PDF版ダウンロードページ:http://hdl.handle.net/2344/00050628

森永 正裕

2018年11月

はじめに

北京に数ある繁華街の中で、最も歴史があり、最も観光客に有名なのが王府井だろう。数年前、その王府井の小吃街(軽食を出す露店街)で見つけたのが「食べられる石炭」だ(写真1)。当り前だが、黒い。形状は練炭そのもの、原料は小麦粉だろうか、無味で硬めのパンに近い食感で蜂蜜をかけて食べる。「石炭チャーハン」なる料理を看板にしているレストランもある(写真2)。黒く色付けしたチャーハンを練炭の形に盛ったもので、運ばれてくるとアルコールをかけ点火する。これが威勢良く燃える。そして美味い。この店の看板メニューにして看板パフォーマンスだ。

写真1 王府井で見つけた「可以吃的煤球(食べられる石炭)」

写真1 王府井で見つけた「可以吃的煤球(食べられる石炭)」(筆者撮影)

写真2 北京市内レストランの「石炭チャーハン」

写真2 北京市内レストランの「石炭チャーハン」(筆者撮影)

練炭は、石炭を粉末にしたのち蓮根のように穴の開いた円筒状に固めたもので、中国語で「煤球」という。中国では家庭や職場での暖房用、厨房用の燃料として古くから庶民に親しまれているものだ。形状を模した食べものが存在するくらい、中国で石炭は身近な存在だが、いまやその石炭は大気汚染の元凶として使用禁止の対象にすらなっている。中国政府は、この黒い塊に代わって無色の気体、天然ガスをエネルギー源として普及させようと躍起になっている。

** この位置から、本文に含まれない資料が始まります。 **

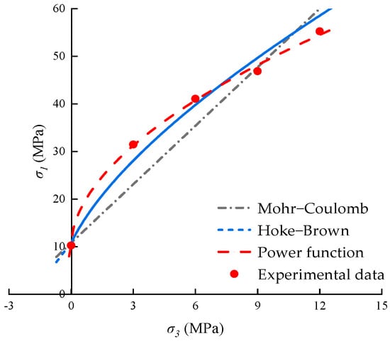 The experimental data under different confining pressures are fitted by the Mohr–Coulomb strength criterion, Hoek–Brown strength criterion and Power function criterion, as shown in Figure 6, which indicates that with the increase in confining pressure, the peak strength of the coal sample increases significantly. There are great differences in the fitting degree of different strength criteria to the experimental data. Therefore, the squared correlation coefficient (R2) is used to represent the fit degree of different strength criteria. When R2 is closer to 1, it means that the fitting degree is higher. The values of R2 for the Mohr–Coulomb, Hoek–Brown and Power function strength criterion are 0.920, 0.989 and 0.999, respectively. Therefore, the Power function strength criterion has the best applicability to coal.

前回は、石炭依存度を徐々に低めつつある中国のエネルギー構造の現状を概観し、天然ガスなどのクリーンエネルギーへのシフトという、政府によるエネルギー構造改革の方向性について解説した。今回および次回は、エネルギー構造改革においてカギとなる石炭と天然ガスに焦点を当て、中国における需給状況についてそれぞれ詳しく解説する。

石炭の用途と種類
「石炭」と言っても品質や用途によって種類が分かれている。石炭の分類方法は一般的に、品質による分類と用途による分類とに分かれる。品質による分類では、炭素含有量(石炭化度)によって「無煙炭」「瀝青炭」「褐炭」などに分類される。漆黒で金属に近い光沢を放つのが最も石炭化度の高い無煙炭(炭素含有量90%以上)で、燃焼時の煤煙が少なく発熱量が高い。逆に水分や不純物の含有量が大きく石炭化度の低いものが褐炭(炭素含有量70~78%)で、色は褐色に近く見た目も石や土に近い。

写真3 無煙炭(左)と褐炭(右)

用途による分類では、大きく分けて主に火力発電に用いられる「一般炭(Thermal coal)」と、主に製鉄に使用されるコークス原料となる「原料炭(Coking coal)」とに区分される。石炭の用途は発電や製鉄の他にも、寒冷地での地域熱供給事業、液化やガス化、石炭化学分野での利用、セメント生産、工場・職場や一般家庭での直接消費などがある。これらを含め、直接燃焼させるのが一般炭、粘結性がありコークスやガス等への転換原料となるものが原料炭である。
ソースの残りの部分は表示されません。